The first step in getting away with a poisoning murder is to make it look like something else. Keep the ME completely out of the picture or at least give him an easy answer for the cause of death. If no murder is suspected, he’ll take the path of least resistance, which is also the cheapest route. The ME must live with and justify his ever-declining budget. If he is wasteful, he’ll be looking for a job. So give him a cheap and easy out.
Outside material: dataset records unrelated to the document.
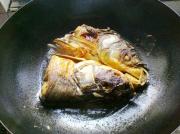 <br/>鱼放入锅内时不要动它,让油炸上5分钟左右(因为油少,鱼头大,此时可以转动一下锅,让油均匀的炸到每一个地方)等鱼头表面金黄就可以用锅铲插进鱼头下方把鱼头翻边,继续炸另一边至微金黄。(鱼一定得炸透了才香)</li></ul><ul><li>7
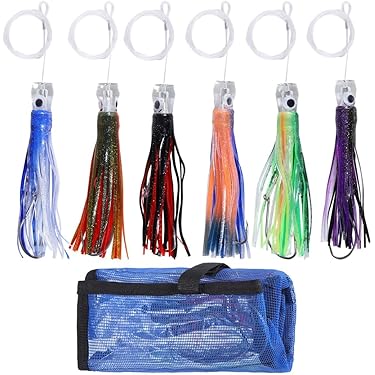 Un pack de 6 leurres de pêche à la traîne (trolling), chacun mesurant 8,5 pouces. Marque OCEAN CAT. Multicolores, avec hameçons solides taille 7/0 Forme de calmar réaliste : le design détaillé de calmar améliore l'attraction des poissons, ce qui facilite la prise de morsures lors de vos sorties de pêche Leurres Calmar 16cm PVC Leurre Eau Salée 21cm Leurres De Pêche Traîne OROOTL - Pour Gros Poissons Marins (marlin, Thon, Mahi) Mitraillette Peche En Mer Maquereau Kit 6 Leurres Couleurs Vives Pour Gros Poissons Taille du produit : 16 cm. Disponible en 6 couleurs : comprend 6 leurres dans des teintes vives, vous donnant une variété d'options pour correspondre aux conditions de l'eau Matériau PVC de qualité supérieure : durable à la corrosion, ces leurres sont conçus pour résister à diverses conditions de pêche Leurre de type jupe pour thon et marlin de 17 cm ; 6 couleurs différentes, monté professionnellement et présenté dans un sac résistant à l'eau salée. Pourquoi... Crochets Acier Inoxydable 7/0 Leurres Pêche Traîne YOTO Lot De 6 Veuillez vous référer à l'article physique. Queue d'aspect naturel : dispose d'une queue flexible qui imite les mouvements de vrais calmars, augmentant le taux de capture - Il peut y avoir une légère différence de couleur en raison de l'écran, de l'appareil photo ou d'autres facteurs.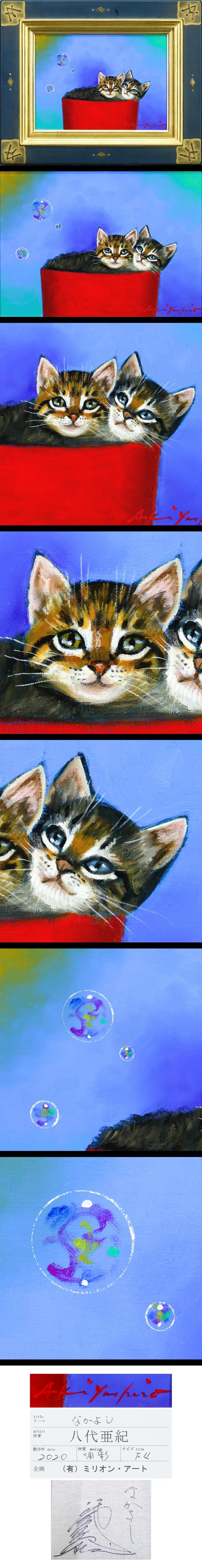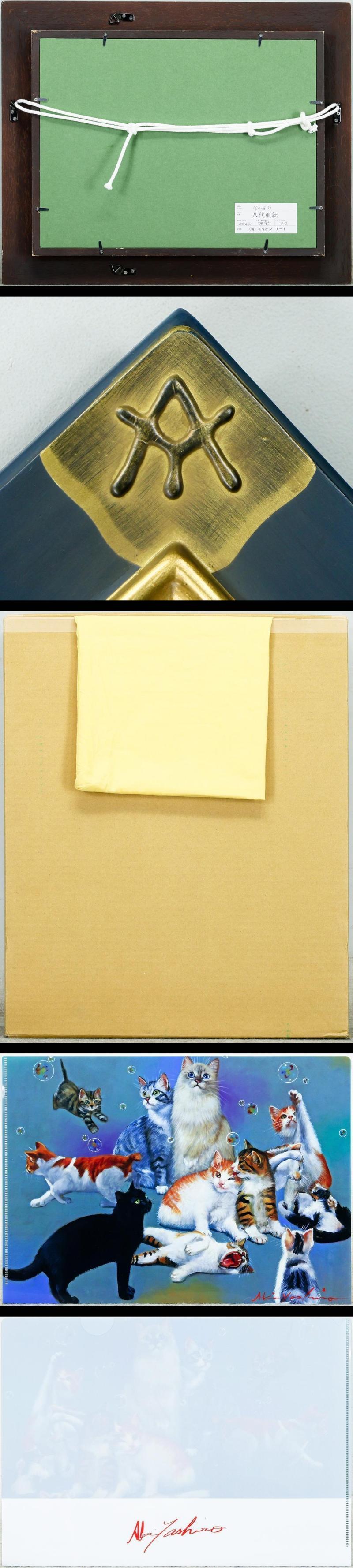 【真作】【WISH】八代亜紀「なかよし」油彩 4号 2020年作 オリジナル額装 証明シール ◆愛らしい猫図・貴重名画 #25112282 收藏

The second step is to use a poison that is not readily detectable and will slip through most drug screens. Drug screens on both the living and the dead typically test for alcohol, narcotics, sedatives, marijuana, cocaine, amphetamines, and aspirin. Some screen for a few other classes. Once a member of a class is identified, further testing to determine exactly which member of the class is present and in what amount will follow. These tests are more expensive and time consuming, but if the screen shows something it will be pursued. If not, to save money the death is attributed to something else and life goes on. Remember that a common cause of death in middle-aged folks is a cardiac arrhythmia without a heart attack. There are no autopsy findings in such deaths. A heart attack can be seen but not an arrhythmia since it is purely electrical.
That said, if a poison is suspected and if the funds and interest to pursue it are present, virtually anything can be found in an intact corpse. Using gas chromatography in conjunction with either mass spectrometry (GS/MS) or infrared spectroscopy (GC/IR) will give a chemical fingerprint for any molecule. Because each molecule has its own structure and thus its own fingerprint, every compound can be distinguished from every other one.
For these reasons, poisons are still rich tools for the writer of crime fiction.